Many people are convinced it’s all worthless. Hebrew words with rock syncopation, totally derivative, the best are second rate and it goes downhill from there. I strongly disagree. There is plenty of schlock & kitsch, to be sure, but there also are great, deep, spiritually uplifting songs. I can listen for an hour to one of the internet radio stations that play this music, the best is Radio Breslav, and nothing happens, and then suddenly there is a tune, 1 niggun out of 20, that is both moving and memorable.

The oeuvre of late R.Shlomo Carlebach is reason enough to take this music seriously.
http://en.wikipedia.org/wiki/Shlomo_Carlebach
(Perhaps when the play about R. Shlomo opens off-Broadway sometime in ’07 his artistic importance will be more fully appreciated. The news release said the first choice of the producers for the role of R.Shlomo is George Castanza/Jason Alexander. I don’t think so, but then again the producers aren't asking for suggestions.)
Two special places to experience the Carlebach Song in all its depth and beauty is Friday night at Bnei Jeshurin in NYC, Broadway & 88th (left-left Conservative) and Shira Chadashah (borderline Orthodox/Conservadox) on Rechov Emek Refaiim in Jerusalem. There is a cute video with an addictive Carlebach nigun at http://www.yu.edu/shavuot/.

I feel the new music is moving too far away from its roots. The essence of a niggun is that you should want and be able to remember the tune. It is meant to be sung in shul by the congregation, at Shabus meals by the entire family, in the car by individuals. Many of the new songs coming out cannot be remembered or repeated by ordinary voices. Who can duplicate the pyrotechnics of an Avraham Fried, the Celine Dion of this genre? When I was a boy, Orthodox Jewish music was mostly waltzes and marches. It looked back to the pre First World War Austrian Hungarian Empire, where the Strauss family was still dominant, tunes from operettas were widely recognized, and marching bands were everywhere. A great nigun should be like a virus or meme that we welcome into our consciousness and never ask to leave. I feel the tunes of fifty years ago will still be with us when the Miami Boys Choir CDs have long been forgotten.

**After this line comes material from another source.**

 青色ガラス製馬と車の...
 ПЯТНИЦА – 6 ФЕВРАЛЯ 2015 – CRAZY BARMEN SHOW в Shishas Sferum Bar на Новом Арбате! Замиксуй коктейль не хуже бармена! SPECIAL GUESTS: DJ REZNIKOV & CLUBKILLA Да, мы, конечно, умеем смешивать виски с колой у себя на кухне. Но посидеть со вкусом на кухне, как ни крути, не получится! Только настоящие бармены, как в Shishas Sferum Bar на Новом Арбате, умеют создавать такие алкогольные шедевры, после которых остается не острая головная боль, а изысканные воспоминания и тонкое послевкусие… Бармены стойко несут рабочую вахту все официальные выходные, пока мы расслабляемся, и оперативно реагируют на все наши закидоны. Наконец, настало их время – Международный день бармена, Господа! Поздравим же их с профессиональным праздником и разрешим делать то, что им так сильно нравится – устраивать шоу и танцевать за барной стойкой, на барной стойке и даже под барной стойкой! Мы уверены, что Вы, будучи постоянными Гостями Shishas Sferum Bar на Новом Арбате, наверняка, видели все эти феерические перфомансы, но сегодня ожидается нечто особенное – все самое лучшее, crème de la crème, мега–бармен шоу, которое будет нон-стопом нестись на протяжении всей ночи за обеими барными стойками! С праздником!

The New York Times plays an important role in keeping this music permanently obscure. A bunch of whirling dervishes show up in Manhattan, and do whatever they do in a hall of 300 people, and it’s treated with great respect the next day. Yaakov Shwekey and Yossi Williger put on a concert in Brooklyn for 20000 and it will never be reported. The popular music pages of this great newspaper have been hijacked by critics deeply committed to alternative rock, hip hop, world music, electronic and so on. These guys can’t find a place on their radar screen for pop, country, easy listening, mainstream rock ‘n roll. When was the last time you saw a review of a pop star or a country and western Nashville musician? The music pages are too hip by half, and way ahead of the listening tastes of its readership. If Elton John and Faith Hill are invisible, Mordechai Ben David has no chance, even if he draws a crowd of 50000.

I also put part of the blame on classical Conservative and Reform rabbis. They are way too litvish,(analytical, intellectual, text oriented). They somehow feel that if they don’t educate the mind, if they appeal to the heart, it’s manipulative and worthless. The market could expand by 50% if this high church, narrow approach was modified.

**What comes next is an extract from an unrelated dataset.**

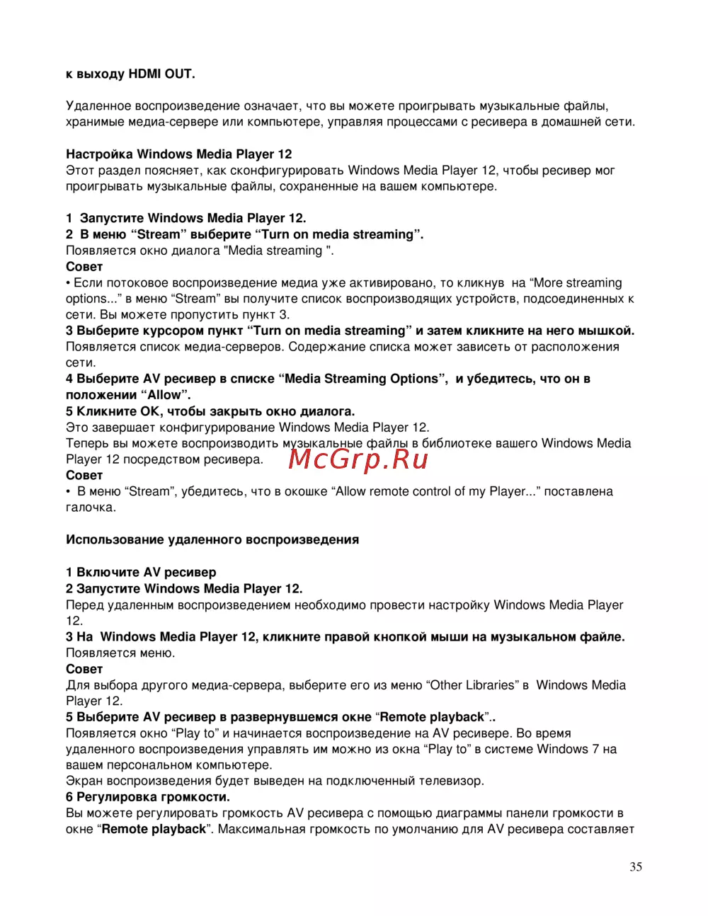Перед удаленным воспроизведением необходимо провести настройку Windows Media Player

Look at what Rabbi Meyer z”l did in Buenos Aires. (http://en.wikipedia.org/wik). He introduced the Carlebach nusach/style in his Conservative synagogue, with its emphasis on the use of only Hebrew in the liturgy. This style has spread to EVERY non- Orthodox shul in Argentina and to most non-Orthodox congregations in Latin America, enriching and strengthening the spiritual life of many, many people. The genius of the Rabbi Meyer move was to combine the soul enhancing qualities of the Carlebach service with serious left politics that stand for something, in his case the fight against the fascist Argentinean military junta. Suddenly you have services that are meaningful, and congregations with a purpose.

1 Comments:

At 1:31 PM, Blogger nyfunnyman said...

you know what they say- a high level is a niggun with words and the higest level is a niggun without words.
but the brisers quipped- the highest level is a nigun without a nigun!